Excluding pictures, what does the listing below contain from the line with "As depicted by" up to and including the line with "Berrios was off, losing", word for word?

◆ The data:
"""

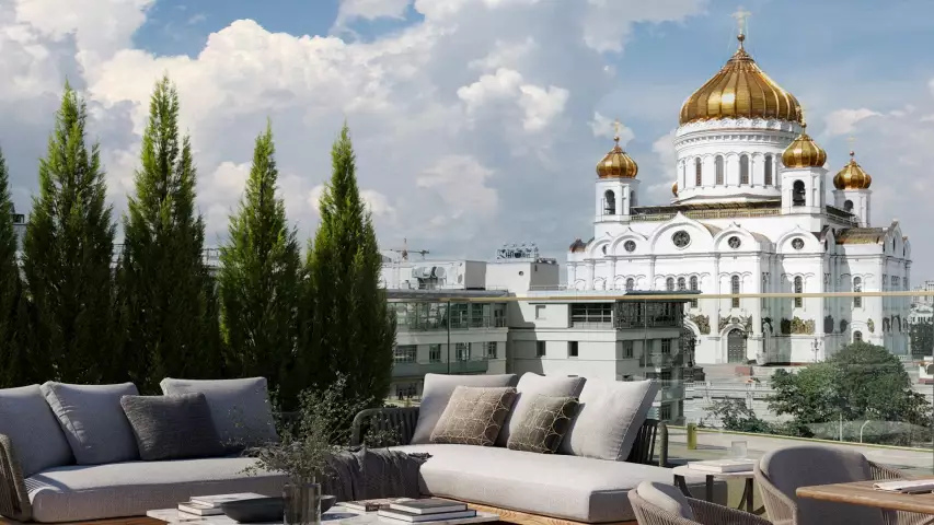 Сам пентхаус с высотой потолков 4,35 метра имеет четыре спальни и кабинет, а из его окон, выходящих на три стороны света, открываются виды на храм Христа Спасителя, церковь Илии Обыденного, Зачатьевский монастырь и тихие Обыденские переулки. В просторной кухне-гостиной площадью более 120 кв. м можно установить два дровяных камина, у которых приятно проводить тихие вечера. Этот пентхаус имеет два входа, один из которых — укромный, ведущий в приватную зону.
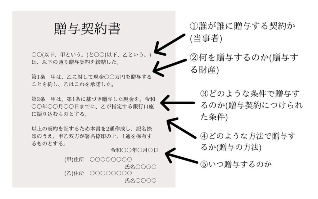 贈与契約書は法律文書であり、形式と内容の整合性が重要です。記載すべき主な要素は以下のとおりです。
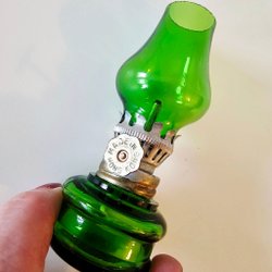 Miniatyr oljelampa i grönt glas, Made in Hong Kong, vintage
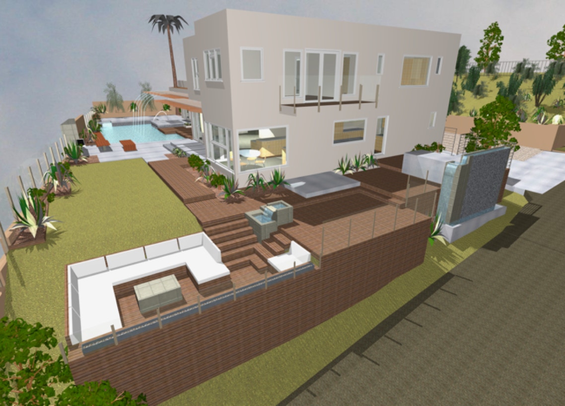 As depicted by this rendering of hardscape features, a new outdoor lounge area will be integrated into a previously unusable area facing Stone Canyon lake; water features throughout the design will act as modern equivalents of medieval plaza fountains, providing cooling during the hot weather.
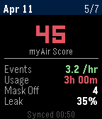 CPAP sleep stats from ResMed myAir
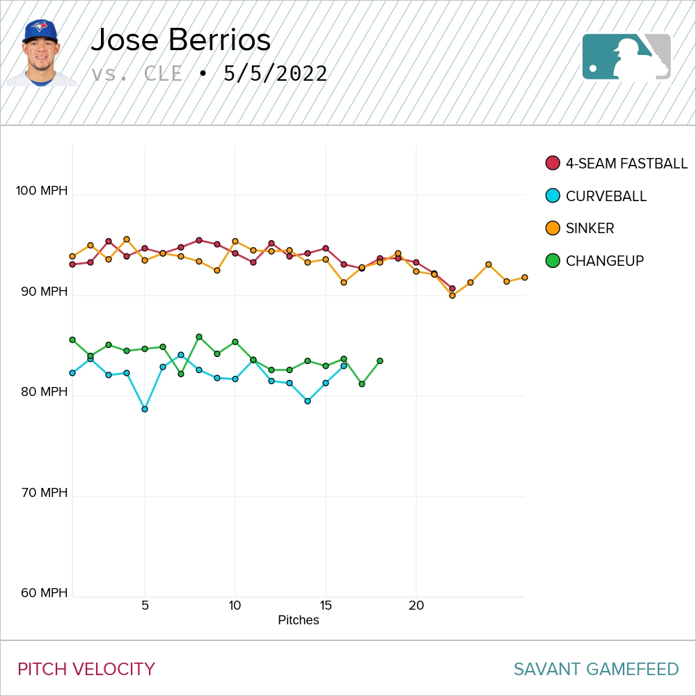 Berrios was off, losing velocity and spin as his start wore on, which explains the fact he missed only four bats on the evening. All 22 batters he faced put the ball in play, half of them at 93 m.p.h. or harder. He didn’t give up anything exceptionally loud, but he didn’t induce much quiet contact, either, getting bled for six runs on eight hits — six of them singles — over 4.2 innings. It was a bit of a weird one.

"""
"""

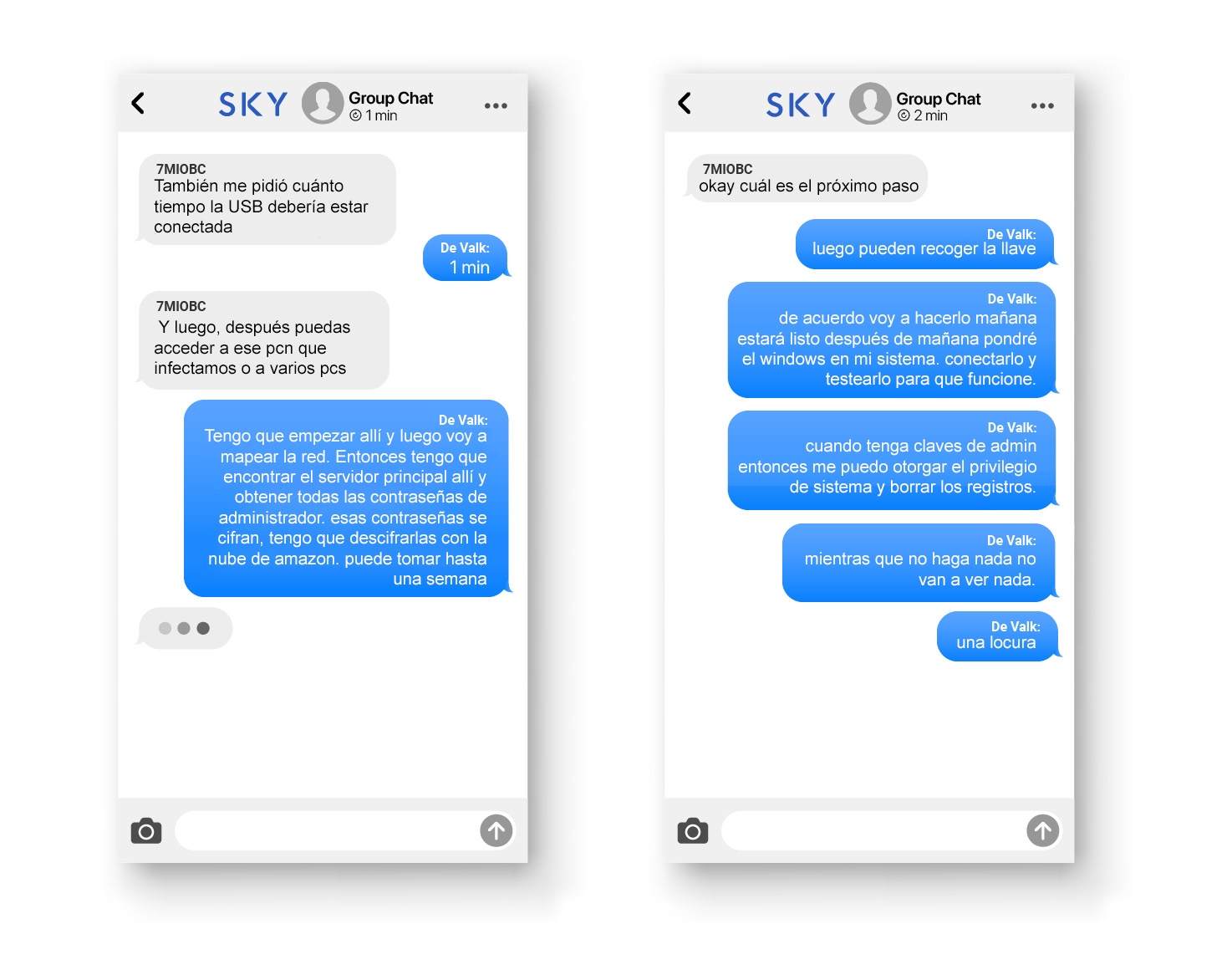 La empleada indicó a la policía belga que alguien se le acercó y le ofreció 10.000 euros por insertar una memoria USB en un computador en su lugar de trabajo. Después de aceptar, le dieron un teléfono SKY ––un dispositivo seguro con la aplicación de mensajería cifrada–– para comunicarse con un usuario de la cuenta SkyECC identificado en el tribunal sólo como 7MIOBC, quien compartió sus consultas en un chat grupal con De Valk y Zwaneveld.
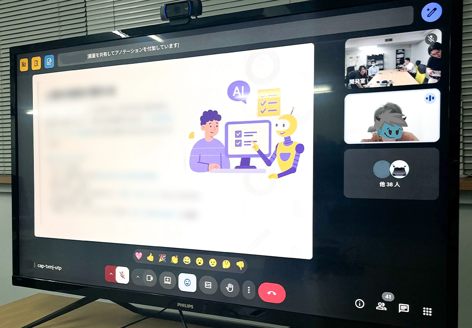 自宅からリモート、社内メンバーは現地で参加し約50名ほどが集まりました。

"""

◆ Answer to this task:
 As depicted by this rendering of hardscape features, a new outdoor lounge area will be integrated into a previously unusable area facing Stone Canyon lake; water features throughout the design will act as modern equivalents of medieval plaza fountains, providing cooling during the hot weather.
 CPAP sleep stats from ResMed myAir
 Berrios was off, losing velocity and spin as his start wore on, which explains the fact he missed only four bats on the evening. All 22 batters he faced put the ball in play, half of them at 93 m.p.h. or harder. He didn’t give up anything exceptionally loud, but he didn’t induce much quiet contact, either, getting bled for six runs on eight hits — six of them singles — over 4.2 innings. It was a bit of a weird one.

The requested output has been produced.